-- Exercise material follows --

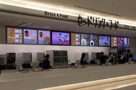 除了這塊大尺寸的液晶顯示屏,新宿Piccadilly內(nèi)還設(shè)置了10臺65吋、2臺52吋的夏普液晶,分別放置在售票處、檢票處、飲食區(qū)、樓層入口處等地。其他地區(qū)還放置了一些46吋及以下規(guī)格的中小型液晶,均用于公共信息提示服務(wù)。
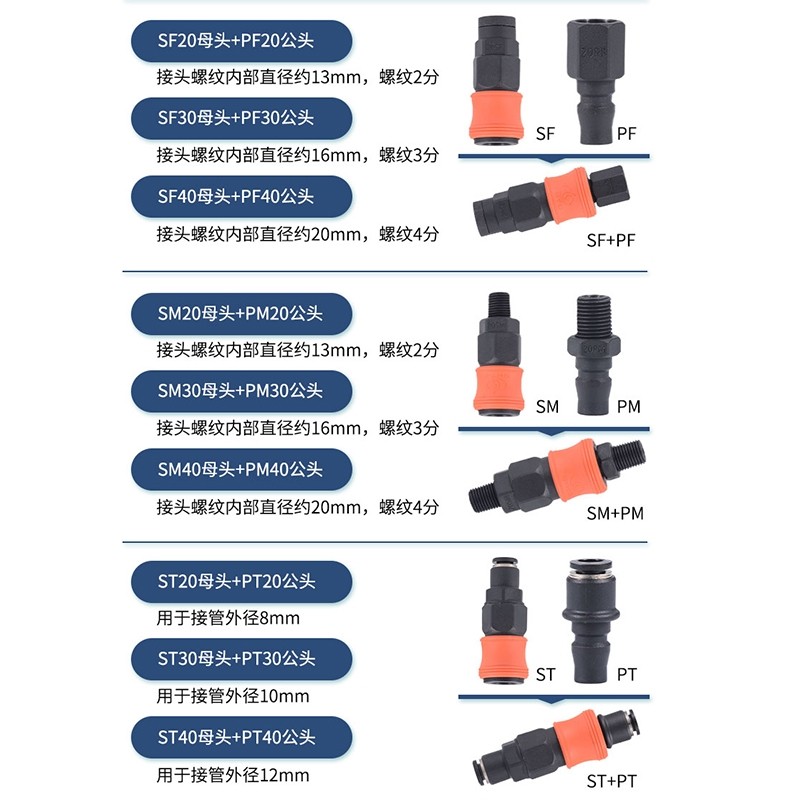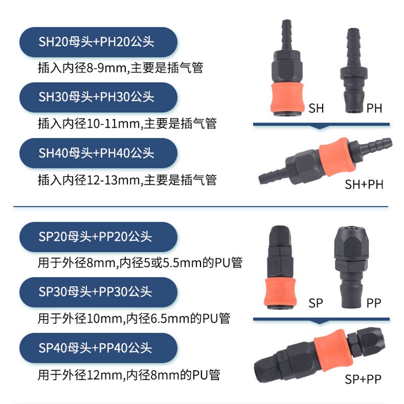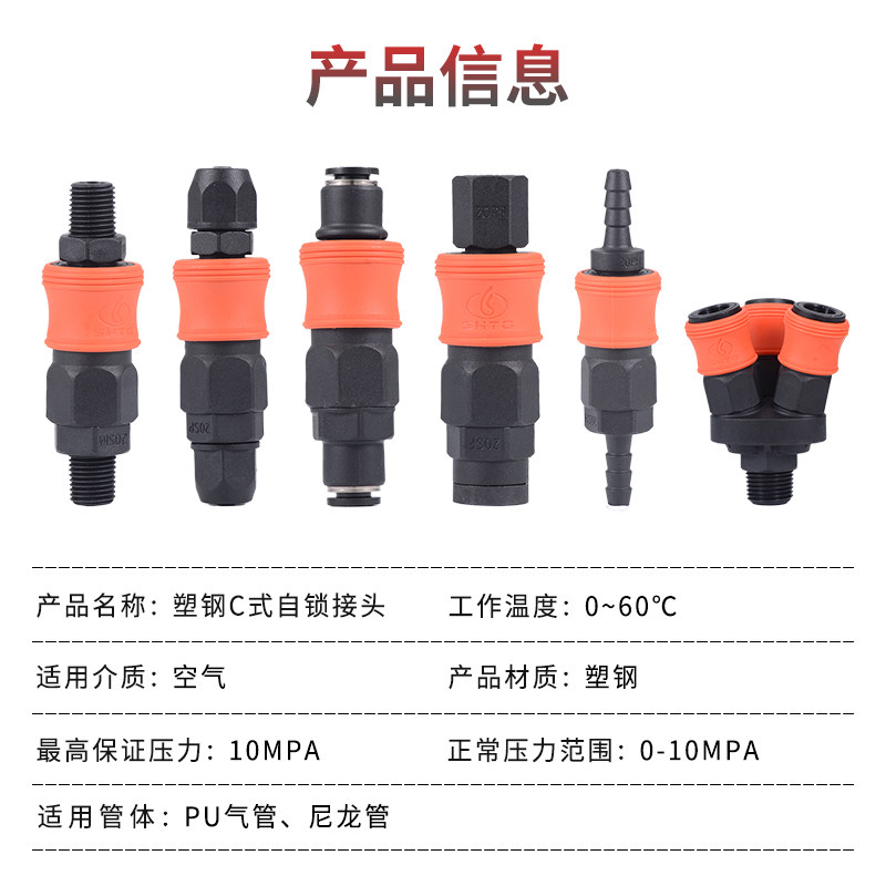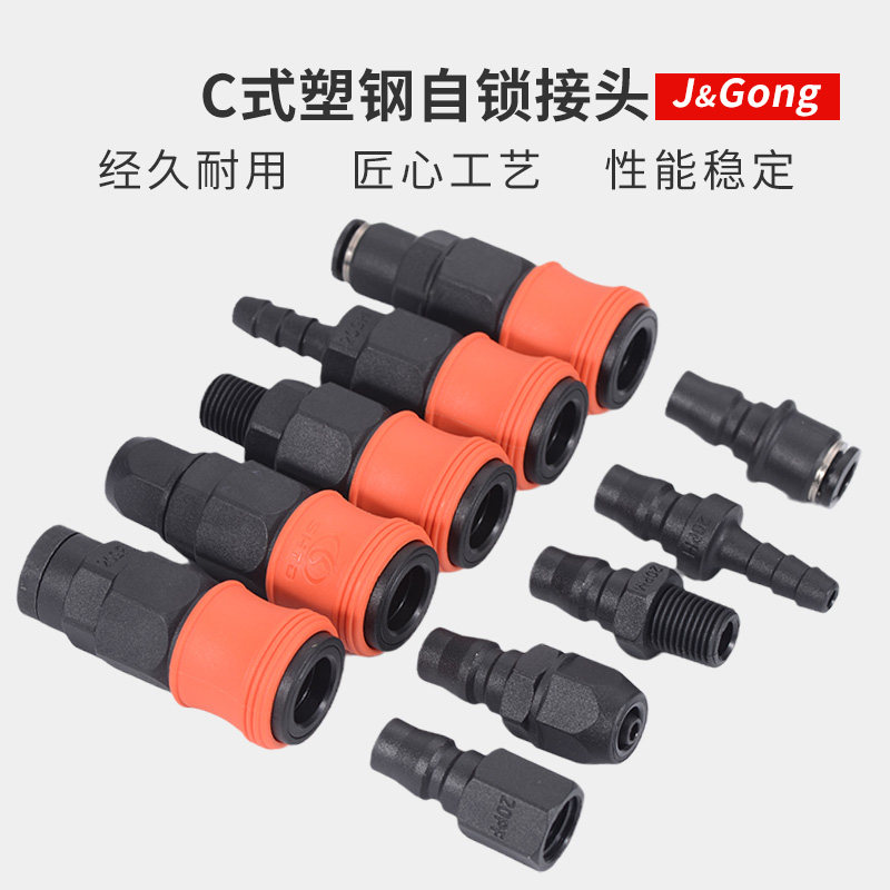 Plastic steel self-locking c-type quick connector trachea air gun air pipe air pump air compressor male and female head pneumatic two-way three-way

-- Exercise material concluded --
-- Exercise material follows --

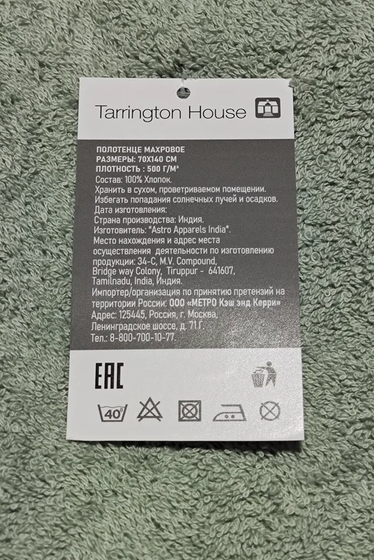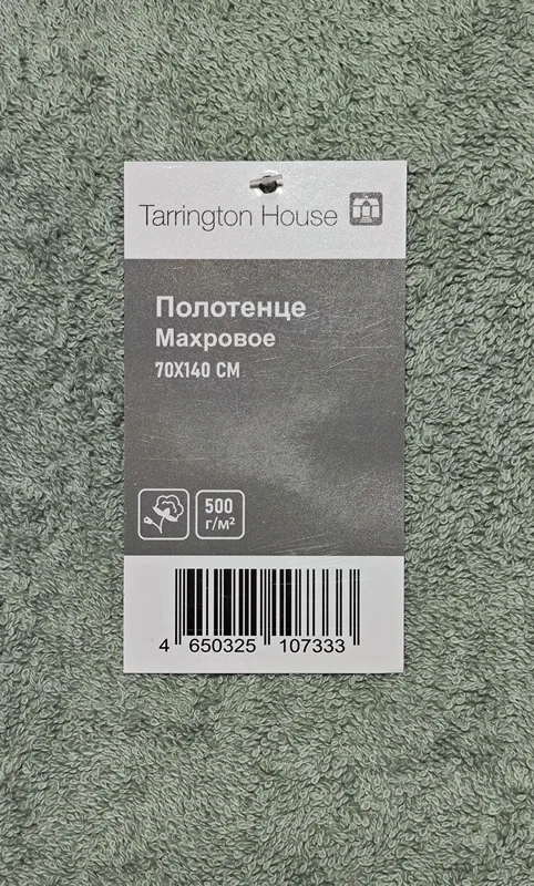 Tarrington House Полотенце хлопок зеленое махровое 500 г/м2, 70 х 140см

-- Exercise material concluded --

Problem
Give again the stretch of lines above from the one with "除了這塊大尺寸的液晶顯示屏,新宿Picc" through the one with "Plastic steel self-locking", both ends kept, and copy no pictures.

Answer to the exercise
 除了這塊大尺寸的液晶顯示屏,新宿Piccadilly內(nèi)還設(shè)置了10臺65吋、2臺52吋的夏普液晶,分別放置在售票處、檢票處、飲食區(qū)、樓層入口處等地。其他地區(qū)還放置了一些46吋及以下規(guī)格的中小型液晶,均用于公共信息提示服務(wù)。
 Plastic steel self-locking c-type quick connector trachea air gun air pipe air pump air compressor male and female head pneumatic two-way three-way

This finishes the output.